Open jsgf opened 5 years ago

jsgf commented 5 years ago

MIRAI is an abstract interpreter for MIR. It uses the Z3 theorem prover as part of its implementation. Z3 uses C++, and is often used precompiled.

MIRAI also links against rustc. This means that Z3's C++ library conflicts with the libstdc++ linked into rustc (well, libLLVM I think). At best this generates GB of linker errors, at worst something that seems to build but behaves erratically at runtime.

Is there some way to hide all llvm's C++ symbols so that it just becomes an internal implementation details, and a second libstdc++ can coexist in the same address space? Alternatively could it be distributed with a shared libstdc++ so that llvm and Z3 are using a common library?

I can solve this by building everything from source against the same libstdc++, but its a large burden to build rustc from source just to use MIRAI.

cc @hermanventer @alexcrichton

hermanventer commented 5 years ago

To reproduce this, just clone https://github.com/facebookexperimental/MIRAI and try to cargo build on a Linux system (after installing Z3, which you can do using "brew install z3"). If it builds (which it did not, last time I checked), try to run it with cargo test.

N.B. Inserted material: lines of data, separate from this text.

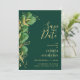 Crie cartões únicos verde esmeralda e dourados, guardados à data, decorados com uma folhagem elegante de eucalipto. Os modelos facilitam a digitação de nomes, data e local, site e o upload de sua foto no verso. Você também pode adicionar um código QR ao seu site de casamento - certifique-se de adicionar seu site antes de fazer o pedido para que o código QR funcione como deve.
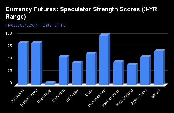 COT Strength Scores (a normalized measure of Speculator positions over a 3-Year range, from 0 to 100 where above 80 is Extreme-Bullish and below 20 is Extreme-Bearish) showed that the Japanese Yen (100 percent) and the British Pound (85 percent) lead the currency markets this week. The Australian Dollar (84 percent), Bitcoin (68 percent) and the EuroFX (63 percent) come in as the next highest in the weekly strength scores.
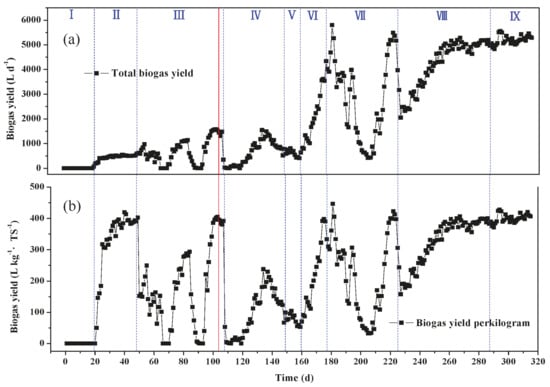 Biogas yield of the anaerobic digestion process in the pilot-scale test, (a) total biogas yield and (b) biogas yield per kilogram.
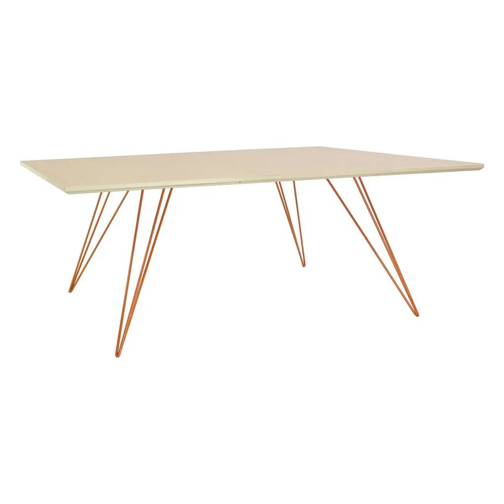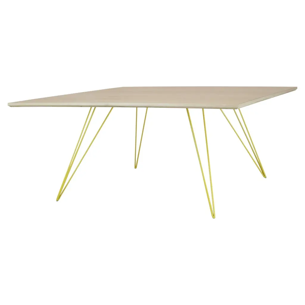 A thin, elegant and light table that can be customized to any shape, size and color desired. This handcrafted item perfectly blends industrial hairpin legs with a beveled wooden top. The irregular beauty of its natural wood combined with its simple elegant base creates a timeless, original design. This piece is offered in dinning and coffee heights as well as several shapes and sizes including large and small: rectangle, oval, square, and circle.
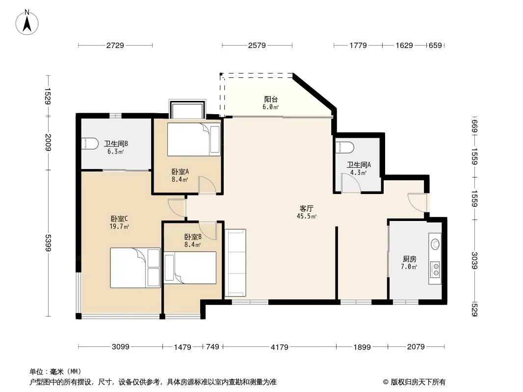 户型齐全,主打明卫三居
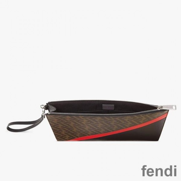 Fendi Medium Flat Clutch In FF Motif Fabric Brown/Red
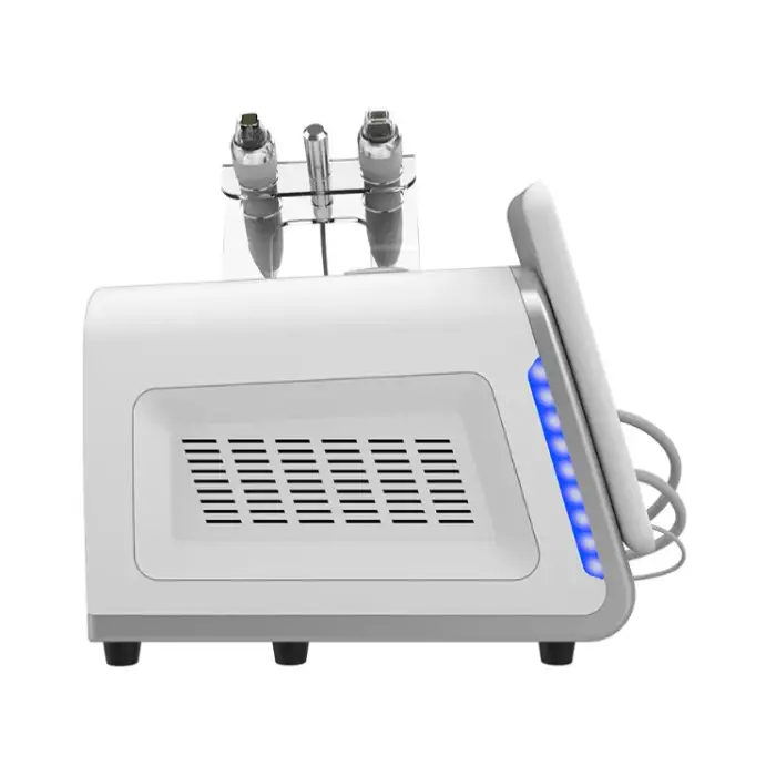 Turn off and unplug before cleaning. Wipe handpieces and main unit exterior with a soft cloth dampened with recommended disinfectant; avoid immersing in liquid. Use single‑use or sterilized needle cartridges for microneedling. Inspect cables and connectors regularly and store in a dry, cool place.

alexcrichton commented 5 years ago

We currently ship a compiler with two dynamic libraries that contain C++ code in them. One is LLVM itself, built by LLVM's own build system. I believe the C++ standard library is linked statically into this LLVM dynamic library. The other is librustc_driver.so which contains some C++ shim code compiled so rustc can use bits and pieces of LLVM's C++ interface. (there's a separate issue for removing those shims)

I unfortunately do not know how to instruct LLVM's build system to hide symbols and only expose the ones we want in rustc. I'm not sure it's easily possible either since the C++ APIs that we're using in our shims are probably not super well defined.

jsgf commented 5 years ago

Removing the symbols from rustc_driver will help; then we only need to solve llvm. I wonder if using dlopen(..., RTLD_LOCAL) would help when loading it:

RTLD_LOCAL   Symbols exported from this image (dynamic library or bundle) are generally hidden and only
             availble to dlsym() when directly using the handle returned by this call to dlopen().

I don't know how this applies to transitive dependencies. Maybe statically linking a PIC version libLLVM.a into librustc_codegen_llvm would help in that case? (Or is that already true?)

jsgf commented 5 years ago

@hermanventer BTW, I did a checkout and compile on a current Fedora system using the distro-packaged version of Z3, and it build and ran cleanly without problems.

alexcrichton commented 5 years ago

Oh right! AFAIK we should now be able to use RTLD_LOCAL. Historically we couldn't because some tests relied on the opposite, loading a dynamic library that linked against LLVM and then using that in the compiler. I think nowadays though we dropped support for that (unstable) test so it should be fine to pass in RTLD_LOCAL when we load codegen backends.

jsgf commented 5 years ago

I'll take a look.

bjorn3 commented 1 year ago

The LLVM backend is now linked into librustc_driver.so, so there is nowhere to pass RTLD_LOCAL anymore.